The pension funds secretary Anton van den Brink refers to the ageing as the general reason for the worker’s contribution. “A bonus was that we had the employer’s part of the tax-friendly premium savings-scheme at our disposal, when it was abolished by the government,” he explains. The Rabobank pension fund has almost 49,000 active members and 8,600 pensioners. Its coverage ratio is approximately 140%.

This year ING has introduced a comparable scheme. Newcomers need to pay their full contribution of 7.5% immediately, while the premiums for the other staff will rise gradually over six to eight years. If the contributions need to rise over 10%, the difference will be split equally between the company and the workers. ING’s new scheme is still based on final salary, although the official retirement age has been raised from 62 to 65.
“I can’t say whether contribution-free pension schemes will disappear. But I do notice decreasing numbers, which is mainly due to financial feasibility. More and more money is needed to funding the pensions,” says Peter Borgdorff, director of the Association of Industry-wide Pension Funds VB. “And since the generous yields on investments of last century haven’t returned yet, the contributions have to rise.
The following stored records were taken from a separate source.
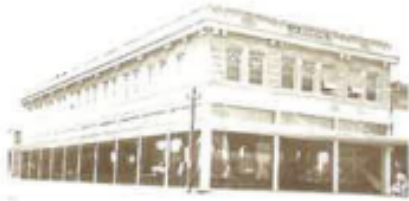
JA Mahoney Building
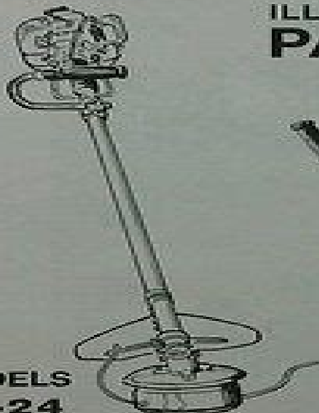
MODELS HK-24 STRING TRIMMER/BRUSHCUTTER UT-18001
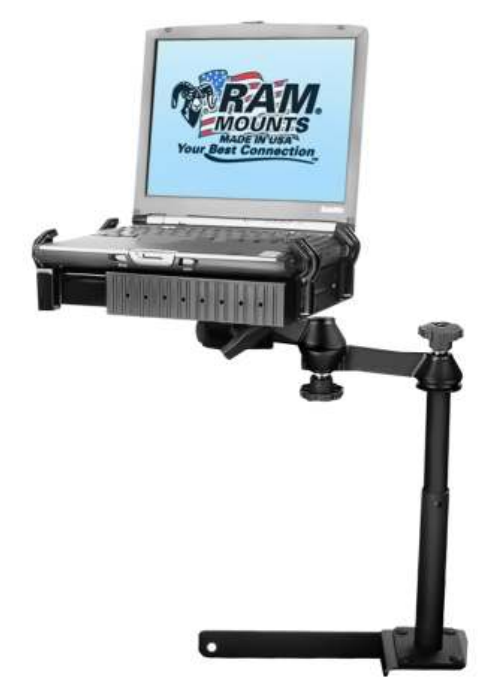
Complete Vehicle Mount RAM-VB-178-SW1

Website: www.ram-mount.com Email: staff@ram-mount.com
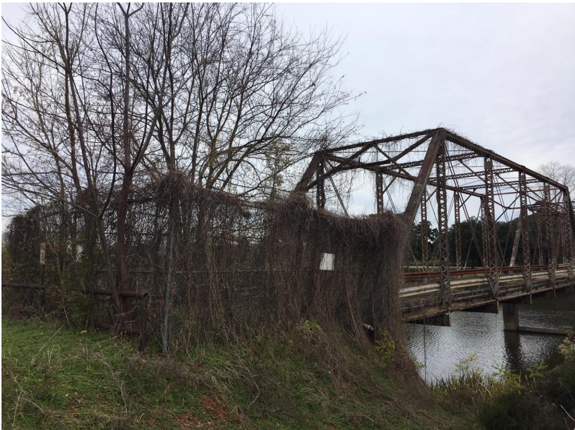
Bermuda Bridge, looking northeast from Highway 119/494, December 2018.
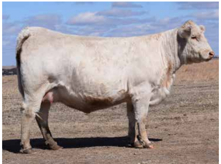
LCC MISS LADY 0464 7753 GS
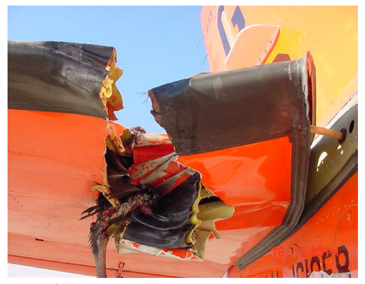
A T-45 aircraft involved in a crash with pectoral sandpipers at NAS Meridian, Mississippi.

BASH prevention on DoD airfields continues to be a major safety concern in terms of potential loss of life as well as the costs of damage to aircraft, despite an extensive array of active and passive management practices currently in use at airfields. The common presence of BASH-hazardous birds on or close to airfields results from complex interactions among their primary needs (i.e., food, cover, presence of water). Large birds that inhabit airfields typically are searching for food while smaller birds, such as grassland passerines (e.g., sparrows, larks) are attracted to food and cover. Wetlands and open water on or near airfields attract flocks of small and large waterfowl. The Air Force, Marine Corps, and Navy have comprehensive BASH programs with extensive expertise to help installations mitigate the risks from the presence of airstrike-hazardous species on airfields. For example, both the Air Force Safety Center and the Navy BASH programs develop policy and guidance and provide other types of support designed to improve flight safety and protect the mission.
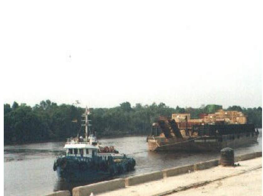
Tran-shipment ex Singapore. Barging to outlying river jetty.
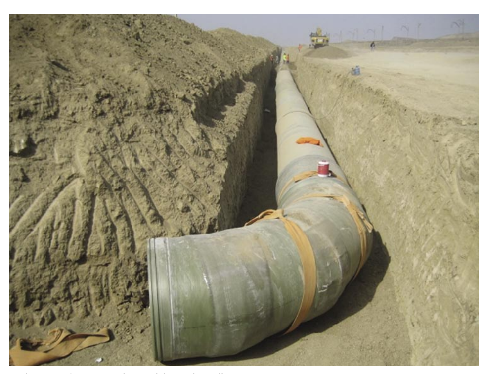
Each section of pipe is 12 m long and the pipeline will require 25 000 joints.

Azkompozit's achievements might lead to the conclusion it is relatively easy to start a large diameter GRP pipe company from scratch and take on such an enormous project. In fact, the start-up challenges were daunting.

“Who is paying the contributions doesn’t really matter. It’s about the total labour costs for the company. The money they pay as pension premiums, isn’t available any more for salary rises or leave. So it’s actually up to employers and workers what they agree on the employment conditions.”
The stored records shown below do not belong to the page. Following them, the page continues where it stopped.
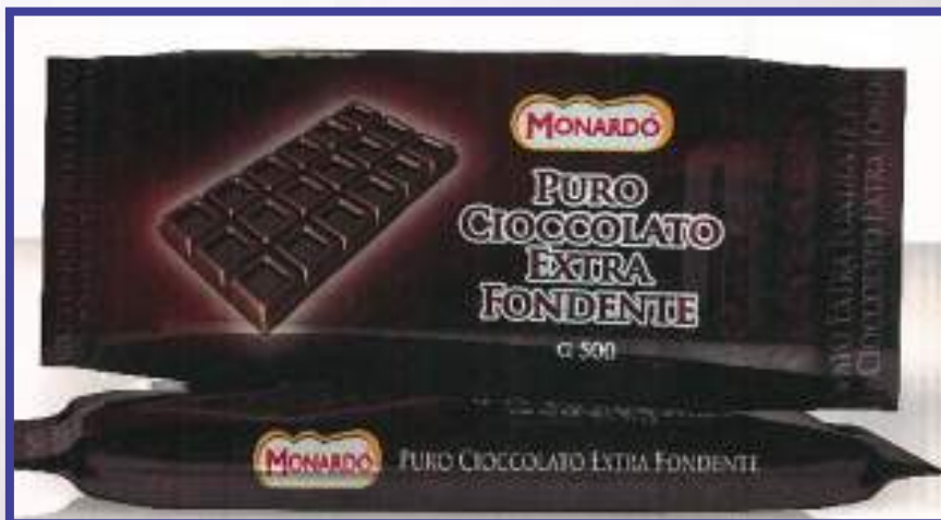
ITEM 4T DARK PURE CHOCOLATE BARS 10/500GR
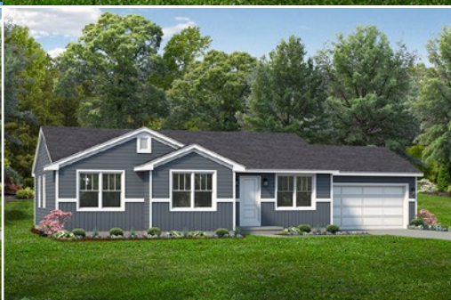
NEW! Smart Style Exterior
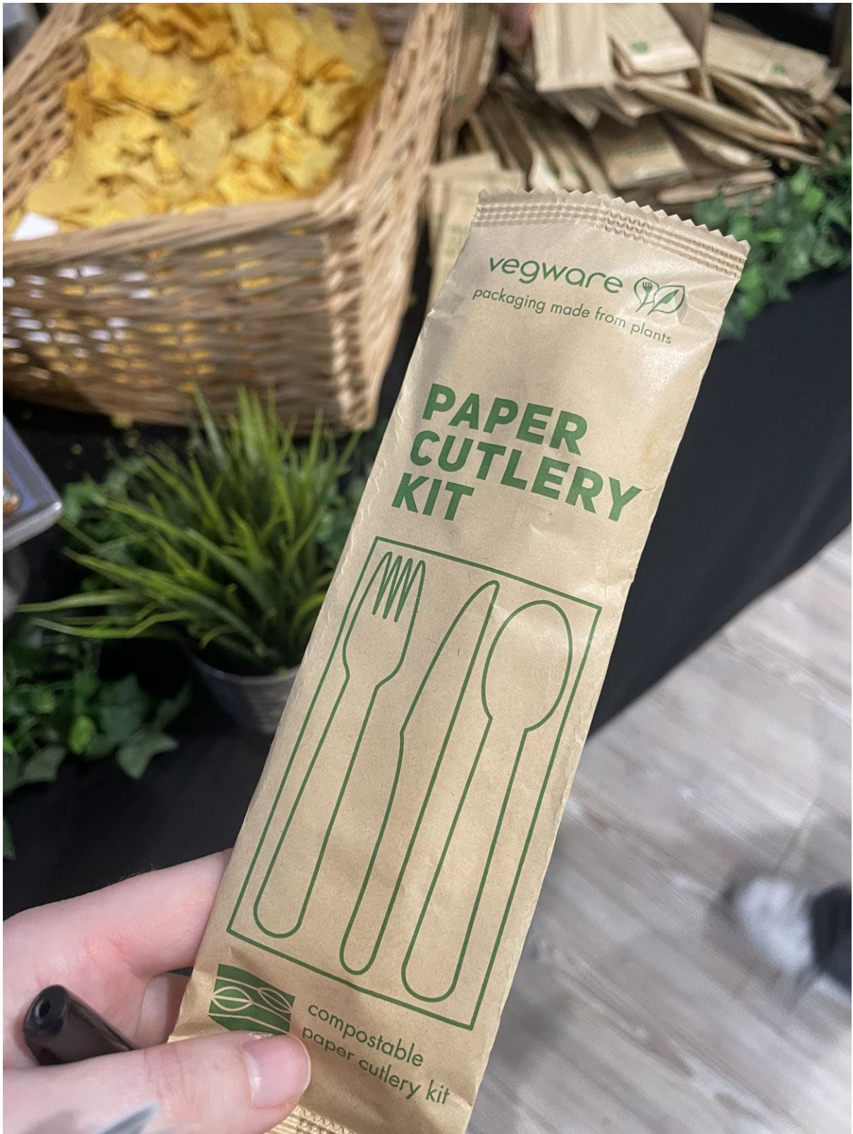
5 - Paper cutlery
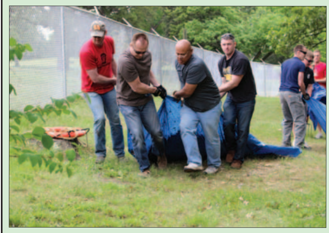
Coast Guard volunteers dragging just one of the several piles of leaves out of the pond area.

Thank you Coast Guard for all of your support!
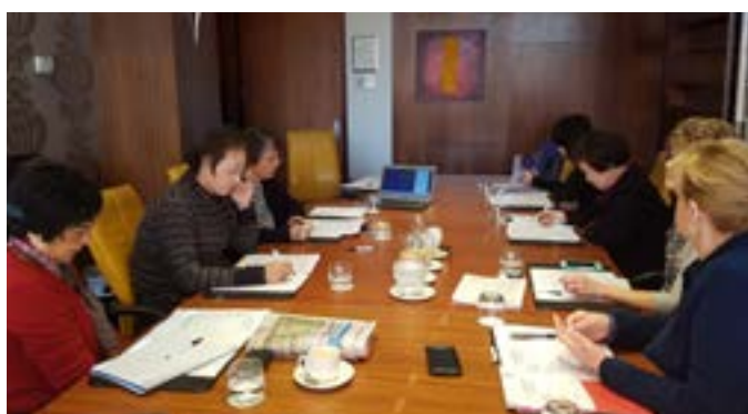
Directors' Discussion - Aug. 20, 2016, Wellington, NZ
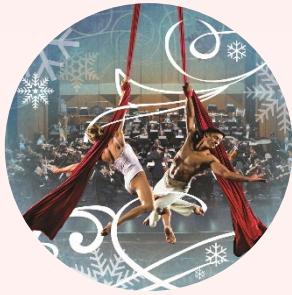
Holiday Cirque! December 16, 2023

Only three of VB’s 88 members were offering their staff a contribution-free pension in 2004. All VB’s members combined account for three-quarters of the assets in the Dutch pensions sector.
Loek Sibbing, chairman of the Corporate Pension Funds Association OPF, agrees with Borgdorff. “Contribution-free pensions can remain in theory, but I’m not sure they will stay. Partly because of the new International Financial Reporting Standards, there is a growing focus on pension risks and costs, which companies tend to translate into either a more frugal scheme, or the introduction of employees’ contributions. And sometimes the employer asks for it as a concession for the company’s contribution to a levensloop, or life course, scheme.”
Sibbing sees no direct link between ageing and the abandoning of contribution-free pensions.
According to Sibbing, who is also director of Unilever’s pension fund Progress, not more than a couple of dozens of OPF’s 365 members are paying the full pension premiums. “Several of them are in negotiations on the introduction of workers’ contributions, and most of them want to put the subject onto the bargaining table,” he says.
“The tendency towards workers’ contributions will continue,” predicts Jan Kune, professor of pensions science at Amsterdam University. Apart from the ageing, he sees a growing awareness of costs’ transparency among employers as a trigger. “From an economic point of view, the introduction of employees’ premiums doesn’t have any significance,” he says. “It’s just a matter of salary. A proper negotiator will take it into account during discussions on a new CAO.” Earlier, he described the old pension arrangements at Shell as ‘very grand’.
In Kune’s opinion, pension contributions for workers is a positive development. “It visualises the costs, and it will raise pension awareness amongst employees. That’s why salaries should be raised, in order to allow workers to pay the pension contributions themselves.”
“The main reason for the introduction of worker’s contributions is costs-cutting,” says Rob Bakker, the outgoing director partner contacts at the pensions network Netspar of Tilburg University. “Over three-quarters of an employer’s costs are labour costs, of which between 15-20% are pension expenses. So it pays off to decrease the company’s share of the contributions.”